====== COLLECTED DATA

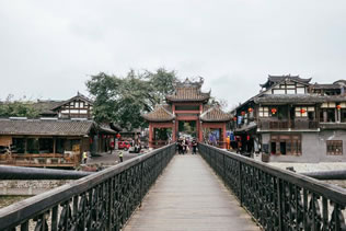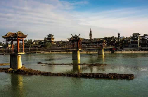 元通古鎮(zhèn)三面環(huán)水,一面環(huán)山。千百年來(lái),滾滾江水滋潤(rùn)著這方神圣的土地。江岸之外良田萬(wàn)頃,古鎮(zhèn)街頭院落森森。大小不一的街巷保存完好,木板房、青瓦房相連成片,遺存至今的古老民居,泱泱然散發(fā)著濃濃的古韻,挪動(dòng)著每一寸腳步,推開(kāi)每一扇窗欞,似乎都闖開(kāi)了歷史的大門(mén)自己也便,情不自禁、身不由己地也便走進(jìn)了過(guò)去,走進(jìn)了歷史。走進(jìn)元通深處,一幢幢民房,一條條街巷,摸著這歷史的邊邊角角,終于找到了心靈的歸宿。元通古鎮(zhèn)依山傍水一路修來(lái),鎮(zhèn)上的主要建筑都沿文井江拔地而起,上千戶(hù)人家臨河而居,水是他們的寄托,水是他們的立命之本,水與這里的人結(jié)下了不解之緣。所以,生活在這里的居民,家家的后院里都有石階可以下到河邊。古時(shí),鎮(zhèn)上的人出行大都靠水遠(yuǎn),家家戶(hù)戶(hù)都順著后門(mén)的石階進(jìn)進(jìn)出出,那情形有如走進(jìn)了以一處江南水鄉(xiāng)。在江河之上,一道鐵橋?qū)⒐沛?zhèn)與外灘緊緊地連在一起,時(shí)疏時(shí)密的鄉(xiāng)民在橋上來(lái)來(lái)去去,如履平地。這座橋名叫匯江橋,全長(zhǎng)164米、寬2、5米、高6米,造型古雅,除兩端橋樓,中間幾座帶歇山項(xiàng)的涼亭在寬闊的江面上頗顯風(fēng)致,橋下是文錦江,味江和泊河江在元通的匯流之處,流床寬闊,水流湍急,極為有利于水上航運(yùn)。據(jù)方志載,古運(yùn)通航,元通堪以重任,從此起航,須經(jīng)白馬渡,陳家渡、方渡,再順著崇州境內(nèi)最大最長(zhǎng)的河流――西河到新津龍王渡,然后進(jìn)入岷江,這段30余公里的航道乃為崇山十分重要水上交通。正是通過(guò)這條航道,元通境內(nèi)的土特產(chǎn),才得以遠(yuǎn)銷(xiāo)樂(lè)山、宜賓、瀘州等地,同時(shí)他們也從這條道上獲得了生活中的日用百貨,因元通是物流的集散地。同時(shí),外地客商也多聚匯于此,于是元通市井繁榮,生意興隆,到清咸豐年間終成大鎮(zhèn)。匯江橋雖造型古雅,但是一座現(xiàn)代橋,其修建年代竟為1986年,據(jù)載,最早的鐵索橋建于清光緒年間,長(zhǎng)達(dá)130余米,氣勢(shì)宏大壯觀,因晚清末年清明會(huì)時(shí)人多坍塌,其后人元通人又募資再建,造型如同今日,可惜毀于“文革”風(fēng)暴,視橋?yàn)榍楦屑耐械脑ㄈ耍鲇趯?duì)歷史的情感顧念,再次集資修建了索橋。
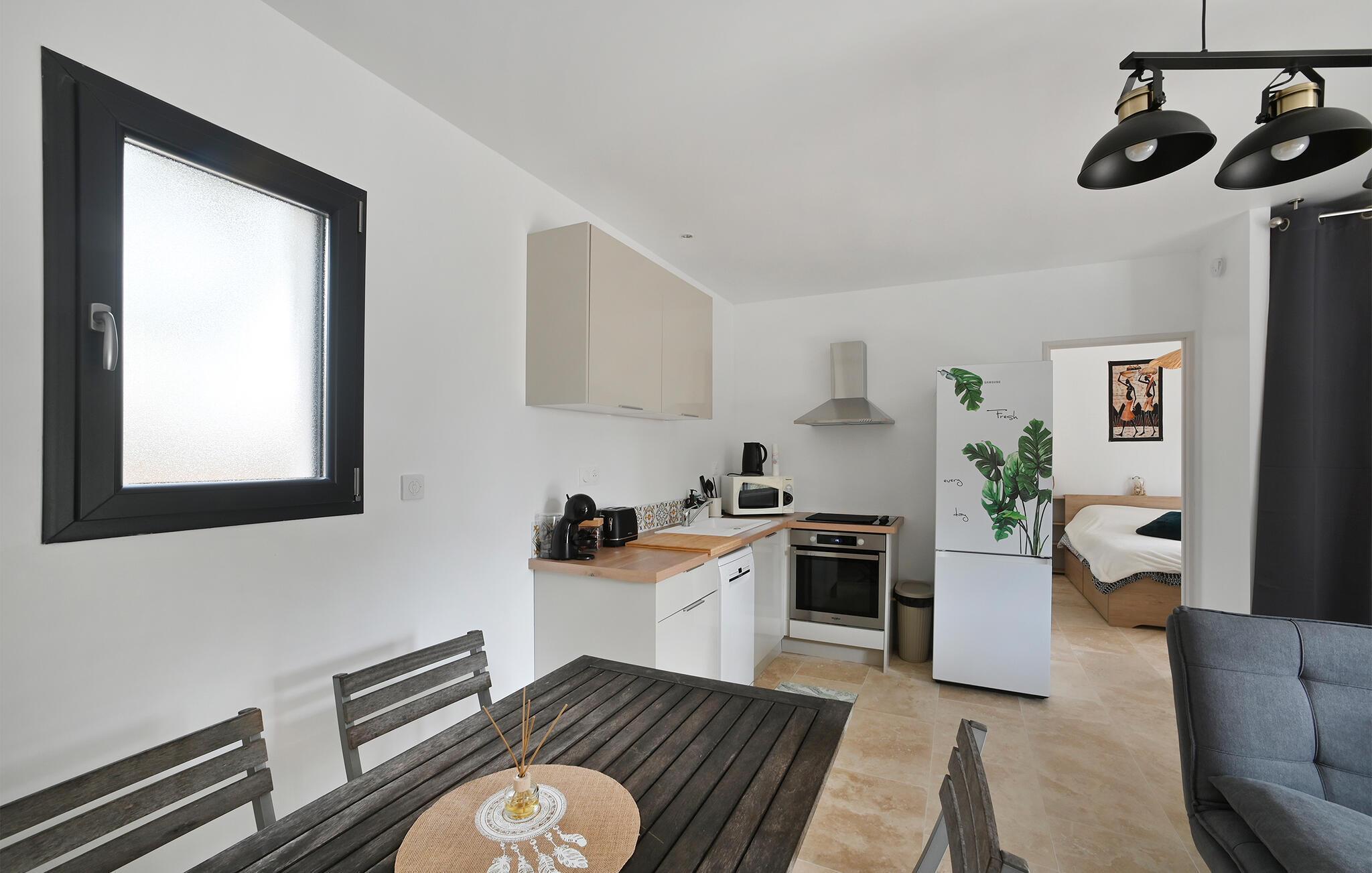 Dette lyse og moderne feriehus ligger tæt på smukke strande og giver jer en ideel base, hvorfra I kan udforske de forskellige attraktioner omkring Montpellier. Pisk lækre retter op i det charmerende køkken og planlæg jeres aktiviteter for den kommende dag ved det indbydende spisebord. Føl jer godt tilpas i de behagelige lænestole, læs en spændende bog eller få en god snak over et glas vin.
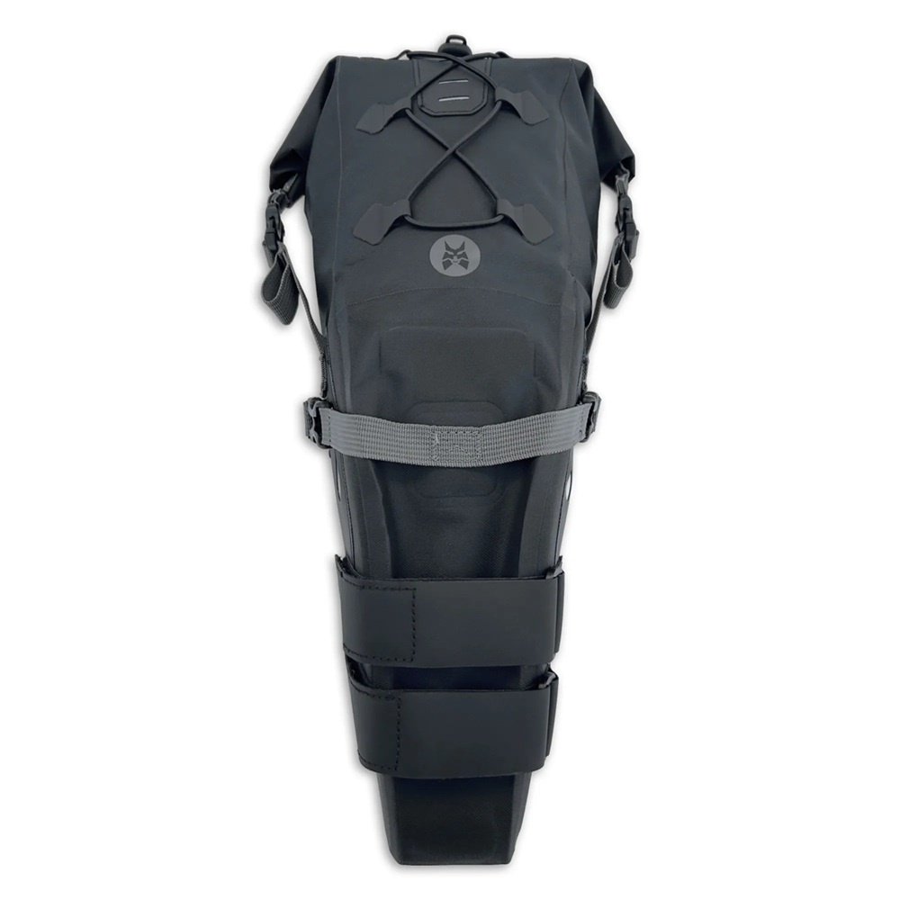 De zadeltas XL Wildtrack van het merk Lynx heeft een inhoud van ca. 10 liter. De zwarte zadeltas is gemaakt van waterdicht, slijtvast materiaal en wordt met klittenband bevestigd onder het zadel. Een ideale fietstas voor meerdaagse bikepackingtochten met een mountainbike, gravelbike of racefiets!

============

> WHAT YOU WILL DO
Print out the material word for word, omitting the pictures.

> RESPONSE TO THE EXERCISE
 元通古鎮(zhèn)三面環(huán)水,一面環(huán)山。千百年來(lái),滾滾江水滋潤(rùn)著這方神圣的土地。江岸之外良田萬(wàn)頃,古鎮(zhèn)街頭院落森森。大小不一的街巷保存完好,木板房、青瓦房相連成片,遺存至今的古老民居,泱泱然散發(fā)著濃濃的古韻,挪動(dòng)著每一寸腳步,推開(kāi)每一扇窗欞,似乎都闖開(kāi)了歷史的大門(mén)自己也便,情不自禁、身不由己地也便走進(jìn)了過(guò)去,走進(jìn)了歷史。走進(jìn)元通深處,一幢幢民房,一條條街巷,摸著這歷史的邊邊角角,終于找到了心靈的歸宿。元通古鎮(zhèn)依山傍水一路修來(lái),鎮(zhèn)上的主要建筑都沿文井江拔地而起,上千戶(hù)人家臨河而居,水是他們的寄托,水是他們的立命之本,水與這里的人結(jié)下了不解之緣。所以,生活在這里的居民,家家的后院里都有石階可以下到河邊。古時(shí),鎮(zhèn)上的人出行大都靠水遠(yuǎn),家家戶(hù)戶(hù)都順著后門(mén)的石階進(jìn)進(jìn)出出,那情形有如走進(jìn)了以一處江南水鄉(xiāng)。在江河之上,一道鐵橋?qū)⒐沛?zhèn)與外灘緊緊地連在一起,時(shí)疏時(shí)密的鄉(xiāng)民在橋上來(lái)來(lái)去去,如履平地。這座橋名叫匯江橋,全長(zhǎng)164米、寬2、5米、高6米,造型古雅,除兩端橋樓,中間幾座帶歇山項(xiàng)的涼亭在寬闊的江面上頗顯風(fēng)致,橋下是文錦江,味江和泊河江在元通的匯流之處,流床寬闊,水流湍急,極為有利于水上航運(yùn)。據(jù)方志載,古運(yùn)通航,元通堪以重任,從此起航,須經(jīng)白馬渡,陳家渡、方渡,再順著崇州境內(nèi)最大最長(zhǎng)的河流――西河到新津龍王渡,然后進(jìn)入岷江,這段30余公里的航道乃為崇山十分重要水上交通。正是通過(guò)這條航道,元通境內(nèi)的土特產(chǎn),才得以遠(yuǎn)銷(xiāo)樂(lè)山、宜賓、瀘州等地,同時(shí)他們也從這條道上獲得了生活中的日用百貨,因元通是物流的集散地。同時(shí),外地客商也多聚匯于此,于是元通市井繁榮,生意興隆,到清咸豐年間終成大鎮(zhèn)。匯江橋雖造型古雅,但是一座現(xiàn)代橋,其修建年代竟為1986年,據(jù)載,最早的鐵索橋建于清光緒年間,長(zhǎng)達(dá)130余米,氣勢(shì)宏大壯觀,因晚清末年清明會(huì)時(shí)人多坍塌,其后人元通人又募資再建,造型如同今日,可惜毀于“文革”風(fēng)暴,視橋?yàn)榍楦屑耐械脑ㄈ耍鲇趯?duì)歷史的情感顧念,再次集資修建了索橋。
 Dette lyse og moderne feriehus ligger tæt på smukke strande og giver jer en ideel base, hvorfra I kan udforske de forskellige attraktioner omkring Montpellier. Pisk lækre retter op i det charmerende køkken og planlæg jeres aktiviteter for den kommende dag ved det indbydende spisebord. Føl jer godt tilpas i de behagelige lænestole, læs en spændende bog eller få en god snak over et glas vin.
 De zadeltas XL Wildtrack van het merk Lynx heeft een inhoud van ca. 10 liter. De zwarte zadeltas is gemaakt van waterdicht, slijtvast materiaal en wordt met klittenband bevestigd onder het zadel. Een ideale fietstas voor meerdaagse bikepackingtochten met een mountainbike, gravelbike of racefiets!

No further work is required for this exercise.